Les gays et les lesbiennes sont plutôt bien placés dans la société moderne. Même quand ils sont précaires, ils sont souvent moins précaires que les autres. Quand ils sont stigmatisés, ils le sont souvent moins que ceux qui ont le malheur d’avoir la peau foncée. Même dans les temps les plus durs, la mobilité des gays leur permet de s’échapper du fardeau familial, et c’est ce que des milliers de personnes LGBT font chaque année. Ils quittent leur famille. Cette liberté homosexuelle, c’est un avantage qui permet de dire aux autres, quand on n’a plus d’arguments : « Vous faites chier, je pars ».
Bien sûr, de nouvelles formes d’homophobie se sont développées. L’homosexualité dans les cités devrait être au centre du combat LGBT moderne. Pour l’instant, ce combat s’est surtout limité à montrer du doigt les homophobes. Mais on sait que même dans les cités, la perception de l’homosexualité n’est pas aussi primaire qu’on le dit dans les reportages à la télé. Et quand on voit aussi les milliers de profils sur les sites de rencontres identitaires, il faut bien admettre que les gays et les lesbiennes de la génération précédente n’avaient même pas cette chance. Aujourd’hui, il y a plein de jeunes blacks gays qui veulent sortir avec leurs semblables. Chez les Beurs, c’est pareil. Et c‘est bien. C’est ce qu’on a vu depuis vingt ans dans les clubs de Londres ou de New York. Enfin, ça arrive en France.

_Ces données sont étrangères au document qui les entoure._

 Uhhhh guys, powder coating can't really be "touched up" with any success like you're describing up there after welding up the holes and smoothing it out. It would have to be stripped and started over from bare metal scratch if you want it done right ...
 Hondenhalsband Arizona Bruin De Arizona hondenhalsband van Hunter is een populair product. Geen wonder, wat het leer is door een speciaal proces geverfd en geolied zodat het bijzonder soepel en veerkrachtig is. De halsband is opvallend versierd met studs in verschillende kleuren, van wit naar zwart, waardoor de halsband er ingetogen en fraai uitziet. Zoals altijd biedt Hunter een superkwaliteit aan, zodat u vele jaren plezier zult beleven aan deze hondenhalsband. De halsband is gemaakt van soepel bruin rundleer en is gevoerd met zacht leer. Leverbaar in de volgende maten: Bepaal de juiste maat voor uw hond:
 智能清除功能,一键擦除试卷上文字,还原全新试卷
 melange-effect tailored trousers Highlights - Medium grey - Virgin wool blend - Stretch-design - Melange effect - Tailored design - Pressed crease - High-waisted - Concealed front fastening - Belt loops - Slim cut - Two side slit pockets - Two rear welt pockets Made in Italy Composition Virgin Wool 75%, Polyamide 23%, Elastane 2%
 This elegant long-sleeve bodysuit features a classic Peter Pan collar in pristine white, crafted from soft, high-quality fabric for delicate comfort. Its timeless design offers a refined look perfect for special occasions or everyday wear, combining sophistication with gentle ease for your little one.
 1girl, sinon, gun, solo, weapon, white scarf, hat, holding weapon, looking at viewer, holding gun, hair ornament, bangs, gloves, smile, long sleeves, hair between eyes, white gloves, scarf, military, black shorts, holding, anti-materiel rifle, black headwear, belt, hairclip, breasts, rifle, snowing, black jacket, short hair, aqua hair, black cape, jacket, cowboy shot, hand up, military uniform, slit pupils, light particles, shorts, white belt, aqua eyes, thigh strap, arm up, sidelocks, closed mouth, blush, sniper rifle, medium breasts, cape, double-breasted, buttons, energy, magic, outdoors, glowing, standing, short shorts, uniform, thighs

La vie gay était-elle meilleure avant ? Peut-être pour les Blancs. Pour la nouvelle génération, beaucoup plus mixte, Now is the time. Ces jeunes n’ont jamais été aussi beaux et leur avis n’a jamais autant compté. Que leur manque-t-il pour être heureux ? Pour moi, rien. La crise actuelle, dans la communauté gay ou dans la société, rend encore plus difficile pour trouver un travail et s’affirmer. Mais rien n’empêche ces gays et les lesbiennes de se battre pour obtenir ce qu’ils veulent. Ils peuvent, eux aussi, arracher ce que leurs frères et leurs sœurs ont obtenu, en se battant, pendant la génération précédente. Le futur de la question gay n’est pas chez les Blancs. Le renouvellement, il sera forcément du côté des gays Noirs et Beurs, c’est pour ça qu’ils doivent se battre pour nous obliger à se pousser pour leur laisser la place. Et tant qu’on n’aura pas dit ça, qu’on ne l’aura pas traduit dans les programmes des associations, des Gay Pride et des festivals LGBT, on n’avancera pas sur le combat contre l’homophobie. C’est le vrai underground d’aujourd’hui. Si j’avais 30 ans aujourd’hui, c’est ce que je ferais. Un fanzine comme Butt ou Kaiserin, pour les Blancs, les Beurs, les Noirs gays. Utiliser la crise économique comme levier de pression pour alerter sur des revendications concrètes. Avancer sur les droits des minorités ethniques gays, c’est pour moi beaucoup plus urgent ET intéressant que participer à un combat pour donner son sang. Ou sa moelle osseuse.